9:30-I speed my way to the DMV with my Indiana license plate rattling away in my back window as I had removed it before leaving the house (they make you give it back which makes me kind of sad) Finally there I wait in line again.  It was a hot day today and the waiting room was ripe.  I myself was probably adding to the oder as my Ziggy Stardust t-shirt now has prevalent pit stains, but that’s neither here nor there.  Finally they tell me (B080) to go to desk twenty where I promptly paid the a total of $610 for my plates and license that I had yet to attain.

10:00- “Go to desk 8 to get your picture taken then proceed to the testing area”

10:05- ” Take off your glasses.  Do you want to maybe brush your hair over?  No the other side. Okay put your bag down. Stand up straight.  Smile!  Go to the testing area.” 

10:30- Finished the test.  Stood at the desk staring at the people ignoring me until they took it back.

10:40- “Lindsay Hobeart!
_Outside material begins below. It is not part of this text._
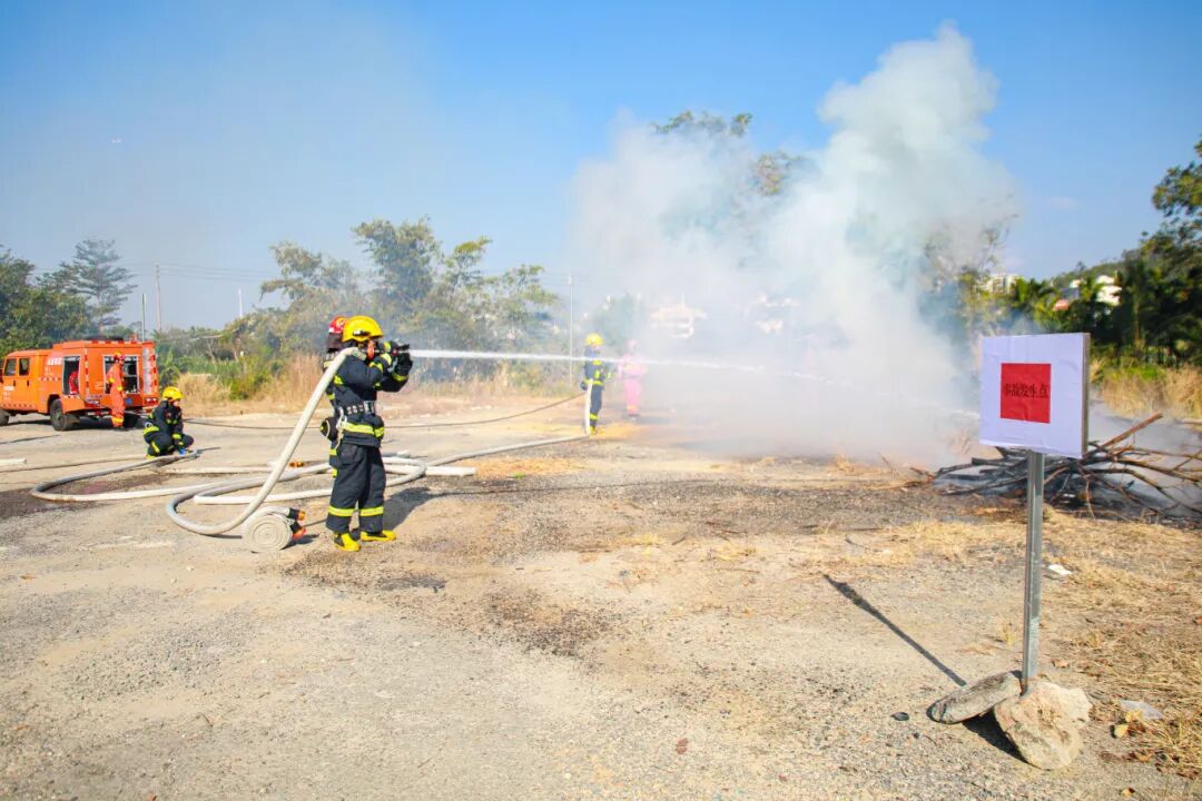 演练中,南丁村委会基层应急队伍率先进行初期火情控制。随后区森林防灭火半专业队伍与吉阳区消防救援大队协同作战,利用风力灭火机、消防水车等装备合力扑灭火点。明火扑灭后,队伍对现场进行了全面清理,防止复燃。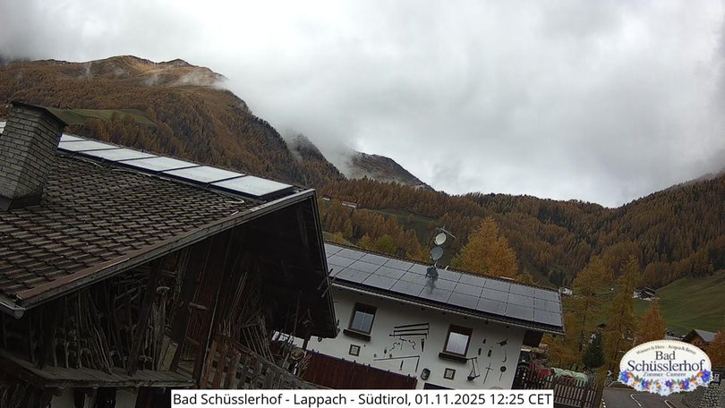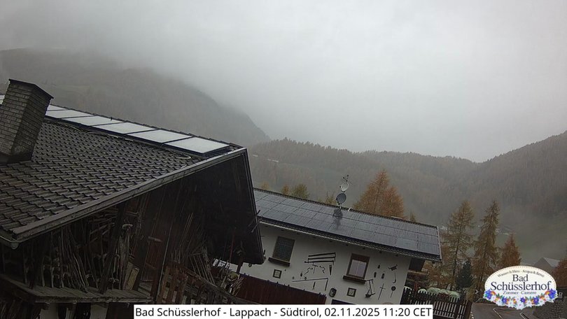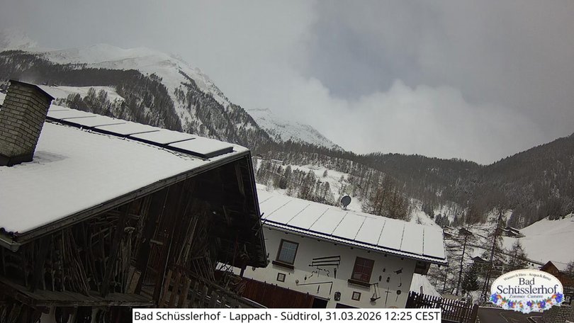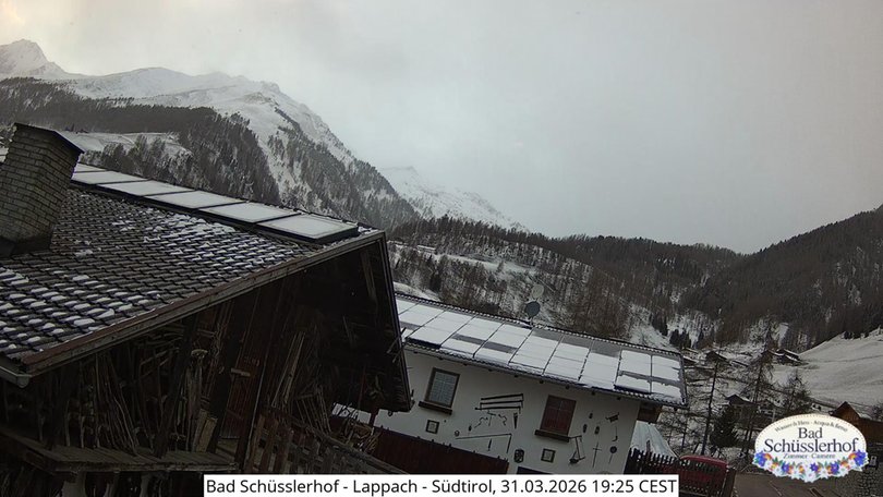 The webcam is located in Lappago / Lappach at 1.432 m above sea level and takes in the view from one of the rooms of the Bad Schüsslerhof farmhouse in the direction of the Gran Pilastro Mountain Group / HochfeilerGruppe. In the background the Punta Bianca / Hoher Weißzint (3.371 m), the top of the Zillertal Alps / Zillertaler Alpen on the border between Italy and Austria. Check out this webcam to discover the weather and snow conditions in this area of the Aurina Valley / Ahrntal, in South Tyrol / Südtirol.

Lindsay Hobeart!  Do you have an out of state license?”

Nod, hand it to her.  She promptly punches a hole in it and hands it back to me.

“You passed.  Go to desk 6.” (which was surprisingly hard to find).  When I found it I was told to go to the end off the line.  This line even riper than the last. I wait.

11:00- Desk 6. She looks confused. Uh Oh. ” They didn’t give you a license?”

Shake my head.

More confused looks.

11:30- She prints out a piece of paper. “Here. You have temporary license until Sacramento mail you one.”

“You’re positive it will get mailed?”  She didn’t seem so confident.

“Yes.  You just keep that til it do.”

“Okay.”

Noon.  3 lines, 4 desks, $620 and 3 hours later I walk from the Glendale DMV completely defeated, broke and smelling like the really cheap gym I joined when I was living in Broad Ripple all for a paper license and a California license plate.

  I kinda miss my Indiana one.

1:00- Time for work. 

And by the way, everything in life is writable about if you have the outgoing guts to do it, and the imagination to improvise. The worst enemy to creativity is self-doubt.